Gavin Clark, the community schools coordinator for the Windermere Family of Schools, is excited about the guide, too, saying, “It may prompt dialogue and hopefully, [prompt] people to develop new ways of thinking and being within an intercultural context.”

The idea for the Intercultural Physical Activity Guide came about during discussions between UBC kinesiology students and teachers and principals from the Windermere Family of Schools. The students discovered that the educators were enthusiastic about the idea of interculturalism, but neither have the time nor resources to effectively create and implement intercultural physical activities in classrooms.

Paula Carr, an RC INTERactive co-founder and intercultural specialist, and Nancy Reynolds, a facilitator for RC INTERactive, responded by gathering a team from RC INTERactive to develop a guide. Action Schools! BC was later brought on because of their extensive experience creating and distributing physical activity resources across elementary schools.

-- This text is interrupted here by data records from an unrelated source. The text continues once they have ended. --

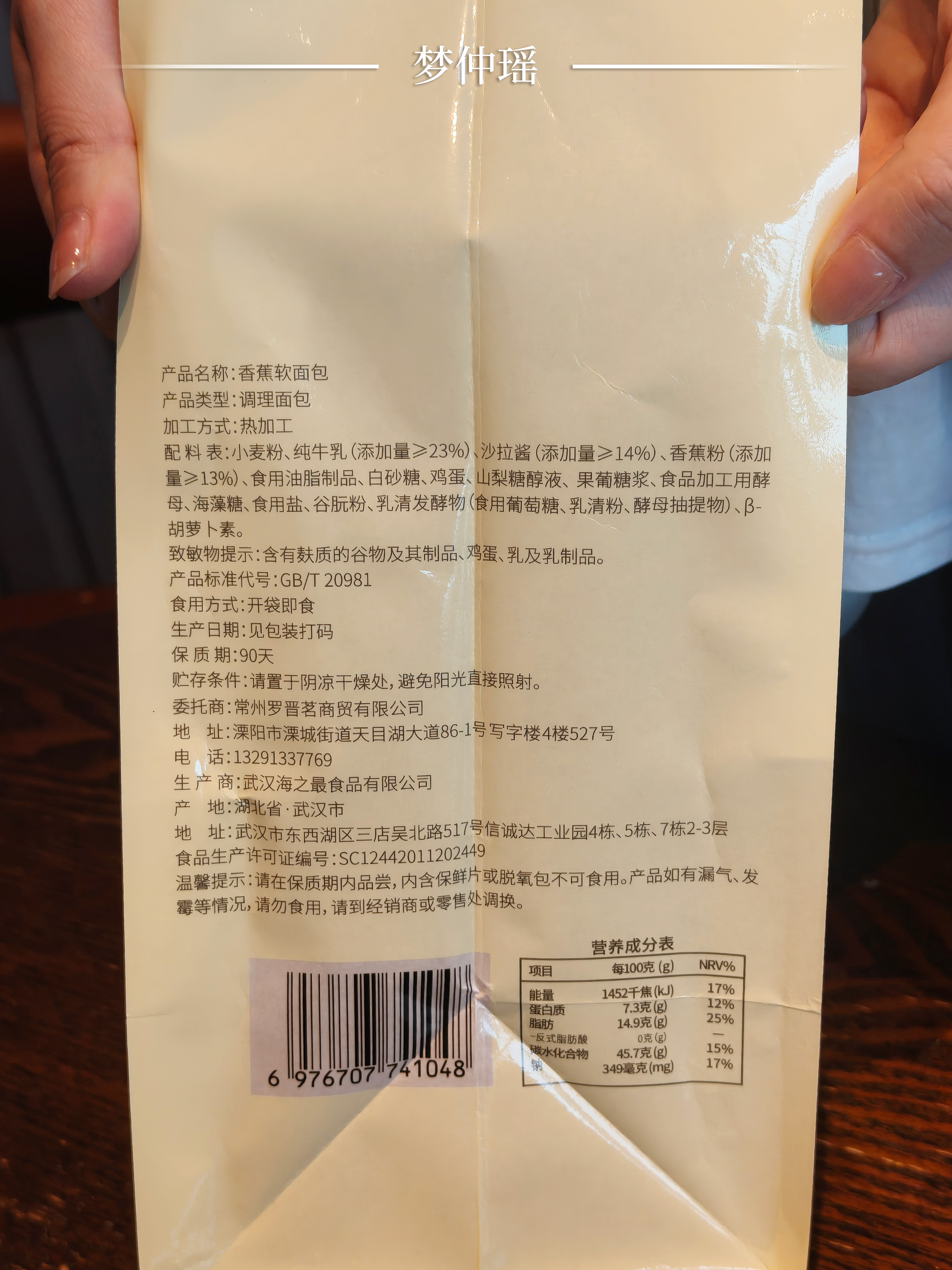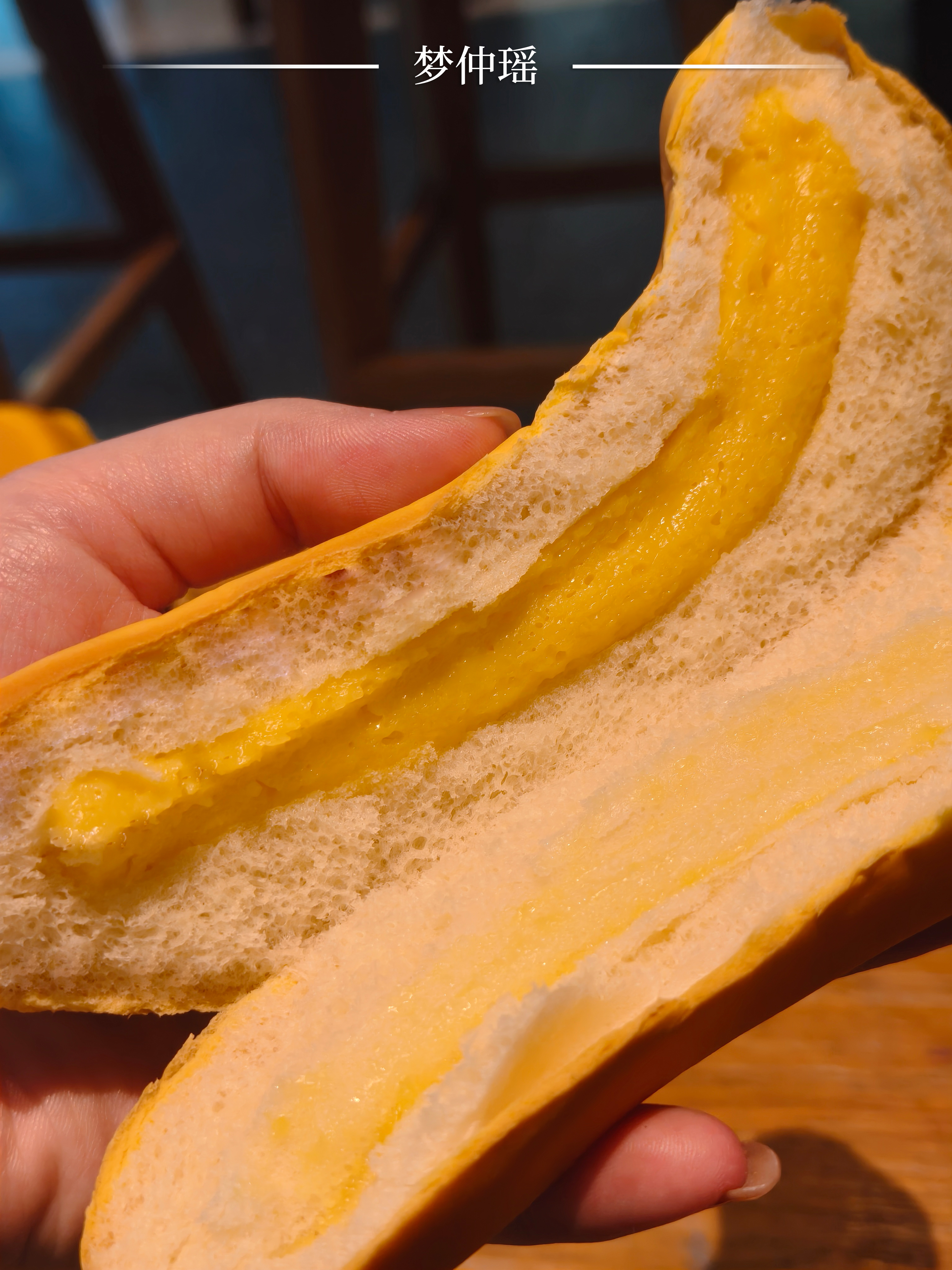 配料表干净,香蕉味外皮+q软面包芯+沙拉酱夹心,三重口感😋
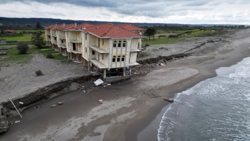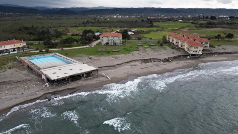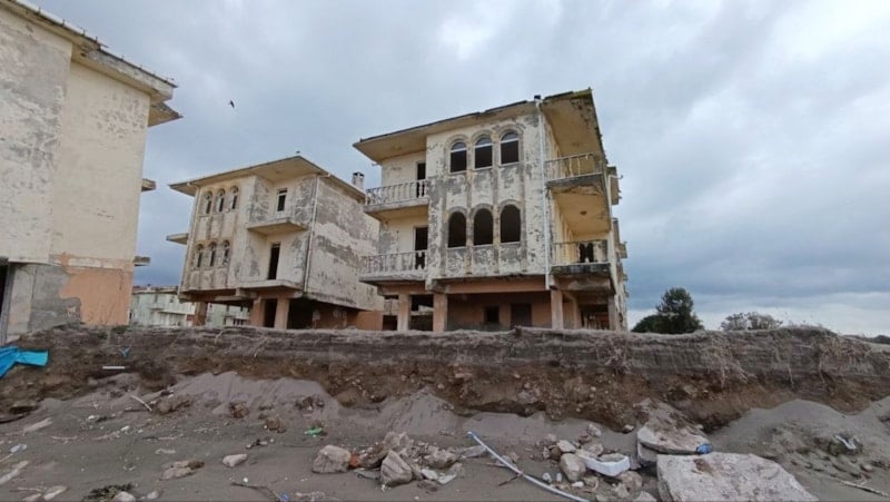 Karasu Sahili kıyısında bulunan eski tatil köyü alanında, dalgaların kıyıyı aşındırması sonucu villa ve havuzların büyük bölümü çöktü. Bir dönem denize yüzlerce metre mesafede bulunan yapıların bugün kıyı çizgisiyle neredeyse aynı seviyeye geldiği belirtildi.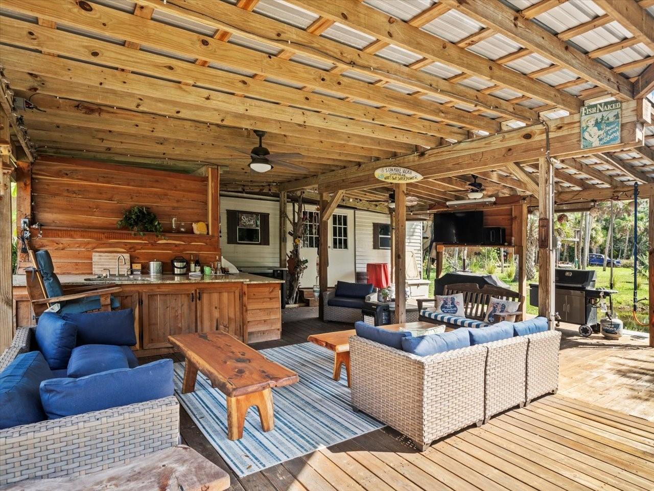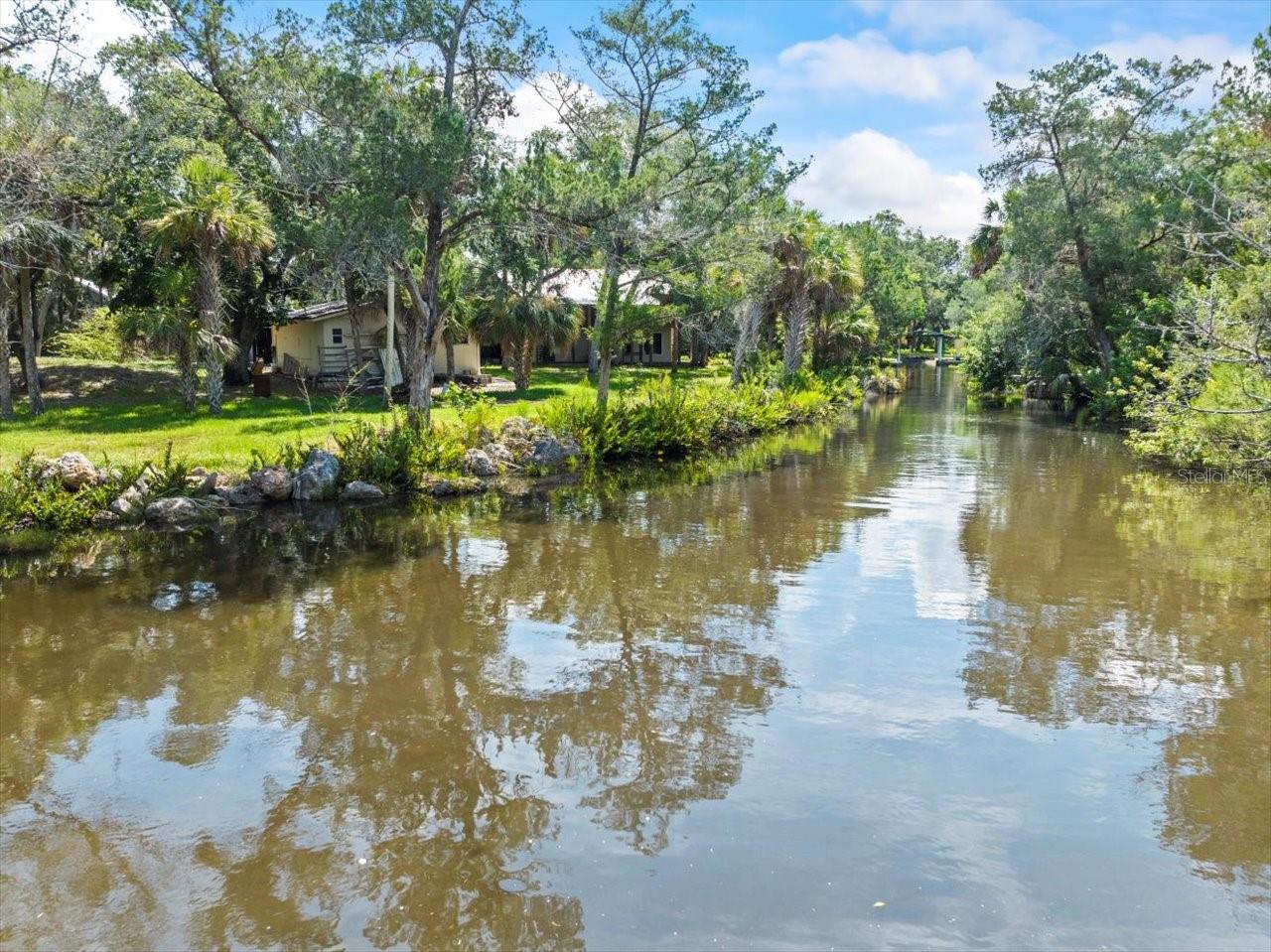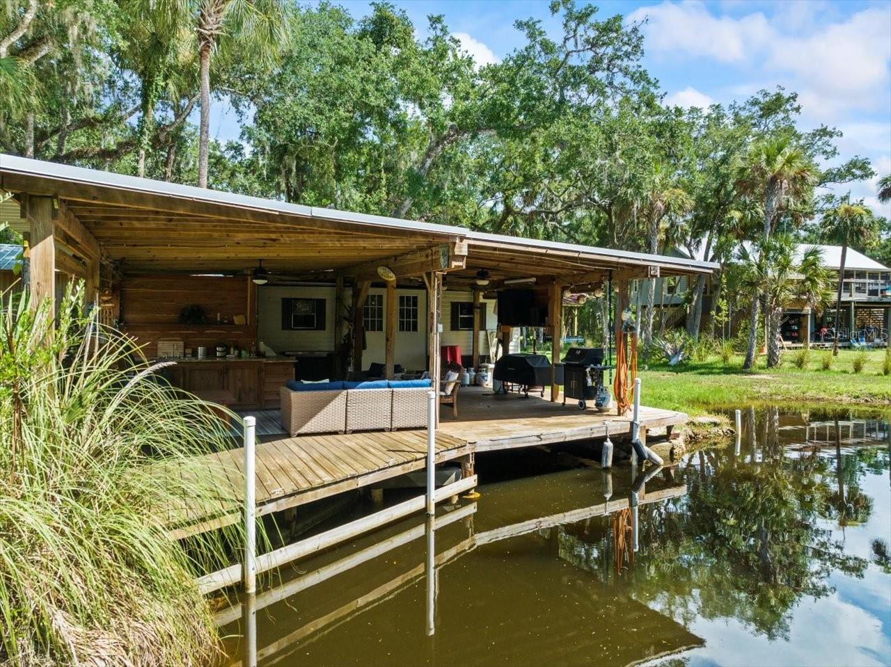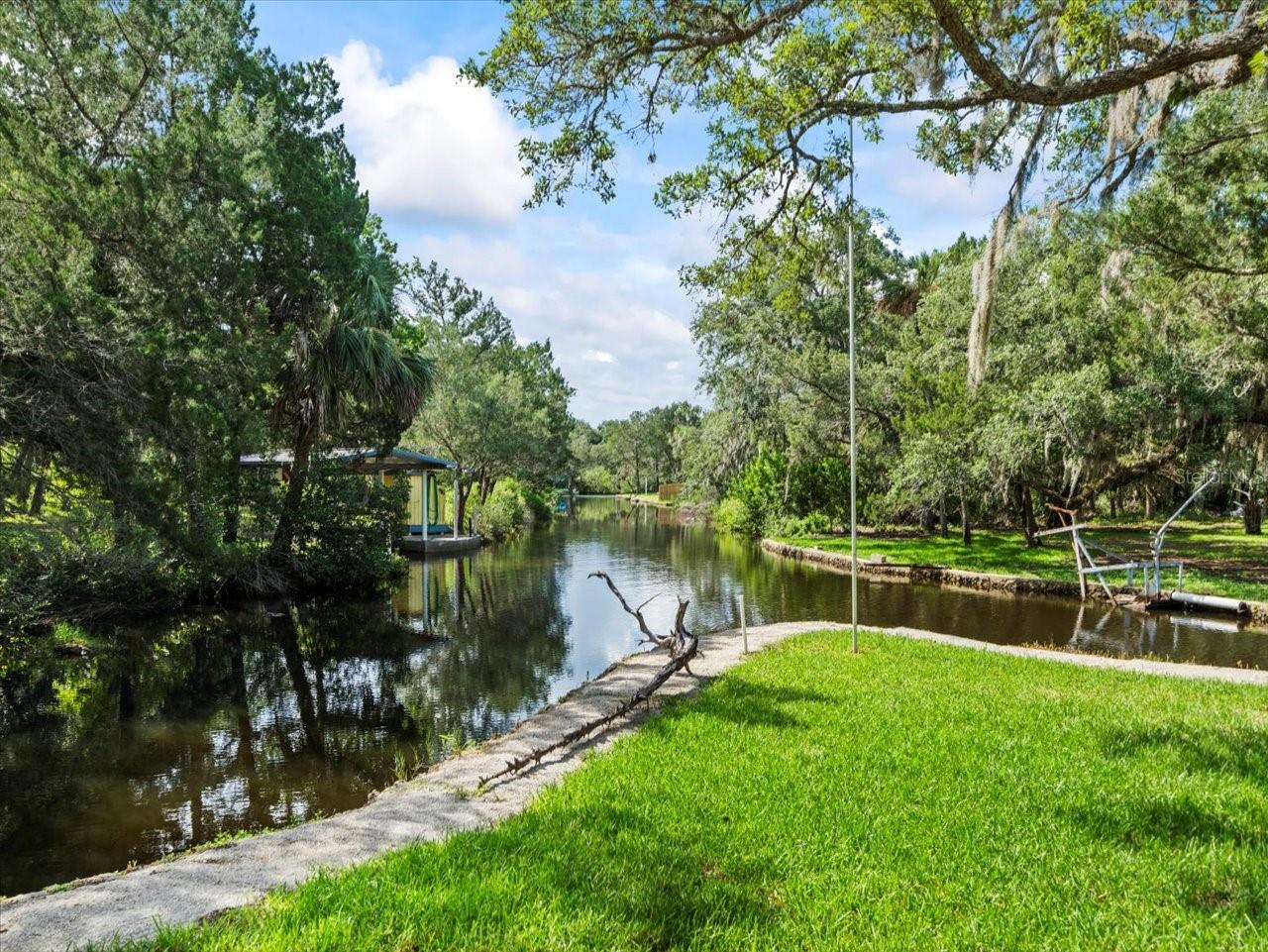 Nestled on a picturesque acre of land along a serene split canal, this house boasts charm and versatility. Featuring expansive wrap-around porches on both floors, the home invites you to relax and take in the stunning water views. Perfect for family living, the house offers ample space and comfort. A cozy she-shed provides a perfect retreat, and the outdoor kitchen/bar area next to the canal is ideal for entertaining. The property also includes a barn/garage for hobbies and projects, and an additional garage with a full bathroom that offers potential for conversion into a separate living unit. This unique property blends comfort, functionality, and the allure of waterfront living.

Now that the draft is completed, the Intercultural Physical Activity Guide moves toward the next phase: testing. Supported by a Healthy Living grant from Vancouver Coastal Health Authority, RC INTERactive will coordinate Train the Trainer workshops this fall and winter in the Renfrew-Collingwood area for recreation practitioners, teachers, student leaders, parents and any other interested individuals. For more information or to sign up for a workshop, contact Paula Carr at pcarr@cnh.bc.ca. Once finalized, the guide will be available for free download from www.actionschoolsbc.ca and distributed to the roughly 1,600 elementary and middle schools in BC through Action Schools! BC workshops.

The Intercultural Physical Activity Guide is an example of how a project started in Renfrew-Collingwood can make a significant contribution to a wider community to further prevent social isolation and promote health. “This is a concrete tool for a variety of groups to use,” says Carr, who adds, “and we hope it will get people more active, aware of diversity and willing to ‘create something new with someone not like you.’ ”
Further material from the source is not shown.